Description badon 2012-04-08 21:49:42 UTC
I have been unable to get background-image:url( someURL ) to work with this extension, like below:

{{#css:
	/*
		This code requires the CSS extension (previously used NewPageCSS)
		http://www.mediawiki.org/wiki/Extension:CSS
	*/

	.someClass { background-image:url(http://www.somedomain.com/w/images/0/06/someimage.png); }
}}

I believe it is due to Sanitizer::checkCss() as described by Brion here:

http://www.gossamer-threads.com/lists/wiki/mediawiki/233179

The CSS that gets sanitized by the parser is getting stripped out of the CSS extension too. 

However, the usual /* insecure input */ error message appears in the <head> of the page source, like this:

<style type="text/css">
/*<![CDATA[*/
/* insecure input */
/*]]>*/
</style>

The only way to get around this problem is to put the CSS in MediaWiki:Common.css.

There are good reasons for the parser to strip some CSS out, but in addition to documenting this issue (which this bug does, and I'll do in the extension docs in a moment), it should be configurable whether the CSS extension lets the parser sanitize, for example, when used on private wikis.
Comment 1 Quim Gil 2013-03-25 02:40:33 UTC
There is a proposal to improve Extension:CSS at

http://www.mediawiki.org/wiki/Mentorship_programs/Possible_projects#Improve_Extension:CSS

Pasting the part related with security to get more feedback:

"The CSS extension relies on basic blacklisting functionality in MediaWiki core to prevent XSS. It would be great if a proper CSS parser [1] was integrated and a set of whitelists implemented to offer various levels of capability/protection trade-offs.

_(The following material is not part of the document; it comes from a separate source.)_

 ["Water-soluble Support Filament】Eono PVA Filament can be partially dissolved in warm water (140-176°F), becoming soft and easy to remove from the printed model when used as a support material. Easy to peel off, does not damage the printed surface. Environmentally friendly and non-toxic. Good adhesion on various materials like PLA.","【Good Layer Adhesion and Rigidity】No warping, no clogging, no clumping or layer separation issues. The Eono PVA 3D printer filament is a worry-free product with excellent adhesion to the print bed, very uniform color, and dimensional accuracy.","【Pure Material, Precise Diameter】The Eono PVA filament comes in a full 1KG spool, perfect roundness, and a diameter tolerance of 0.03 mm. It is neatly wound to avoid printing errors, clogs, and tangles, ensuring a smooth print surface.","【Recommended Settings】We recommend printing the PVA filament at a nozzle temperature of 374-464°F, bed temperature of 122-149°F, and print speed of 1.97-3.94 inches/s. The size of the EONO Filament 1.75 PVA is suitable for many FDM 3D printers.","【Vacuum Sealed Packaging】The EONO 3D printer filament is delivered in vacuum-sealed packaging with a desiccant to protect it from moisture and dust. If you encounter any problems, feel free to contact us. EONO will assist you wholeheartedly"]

For example, some wikis may want all CSS selectors prefixed with "#mw-content-text" and properties like "position", etc. disabled to limit the effect of styles to the article content. Other sites may want everything except XSS-able properties/values."

[1] https://github.com/sabberworm/PHP-CSS-Parser
Comment 2 Quim Gil 2013-10-31 05:22:57 UTC
This project proposal is now featured at https://www.mediawiki.org/wiki/Outreach_Program_for_Women/Round_7
Comment 3 Chris Steipp 2013-10-31 16:17:01 UTC
(In reply to comment #1)
> "The CSS extension relies on basic blacklisting functionality in MediaWiki
> core
> to prevent XSS. It would be great if a proper CSS parser [1] was integrated
> and
> a set of whitelists implemented to offer various levels of
> capability/protection trade-offs.

This sounds like a great project. I'd recommend looking at HTML Purifier's CSS rules as well, which would be great to integrate into either the extension, or core's CSS sanitization.

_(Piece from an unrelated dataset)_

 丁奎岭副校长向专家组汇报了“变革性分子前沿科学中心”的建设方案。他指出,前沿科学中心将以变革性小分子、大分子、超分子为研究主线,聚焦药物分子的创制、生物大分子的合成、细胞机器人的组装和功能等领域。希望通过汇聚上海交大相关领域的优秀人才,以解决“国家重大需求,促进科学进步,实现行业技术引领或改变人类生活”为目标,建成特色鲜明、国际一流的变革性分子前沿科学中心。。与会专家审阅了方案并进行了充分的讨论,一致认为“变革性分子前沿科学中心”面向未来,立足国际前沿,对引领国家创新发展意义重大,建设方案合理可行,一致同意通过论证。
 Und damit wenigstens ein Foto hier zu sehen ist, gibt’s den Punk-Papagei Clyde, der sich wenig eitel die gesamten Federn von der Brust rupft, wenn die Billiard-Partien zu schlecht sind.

> [1] https://github.com/sabberworm/PHP-CSS-Parser
Comment 4 Bawolff (Brian Wolff) 2013-12-13 23:36:29 UTC
> 
> There are good reasons for the parser to strip some CSS out, but in addition
> to
> documenting this issue (which this bug does, and I'll do in the extension
> docs
> in a moment), it should be configurable whether the CSS extension lets the
> parser sanitize, for example, when used on private wikis.

The reason sanitizer doesn't let that through, is we don't want people to be able to load external resources from inline css
*This could in theory be used as a DOS attack against somebody else if someone put it on a popular page.
*It can be used to track users, and associate usernames with ip addresses (i.e. have {{REVISIONUSER}} in the query string of the external resource.

(There could be other resons. Those two are just the two I know about)
Comment 5 MZMcBride 2013-12-14 06:25:49 UTC
Bug 57891 is not an appropriate "see also"; removing.
Comment 6 Quim Gil 2014-09-12 09:19:20 UTC
A new round of FOSS OPW is coming. Should we keep https://www.mediawiki.org/wiki/Mentorship_programs/Possible_projects#Allowing_3rd_party_wiki_editors_to_run_more_CSS_features as a featured project? Meaning, does this project still make sense and are there mentors still available?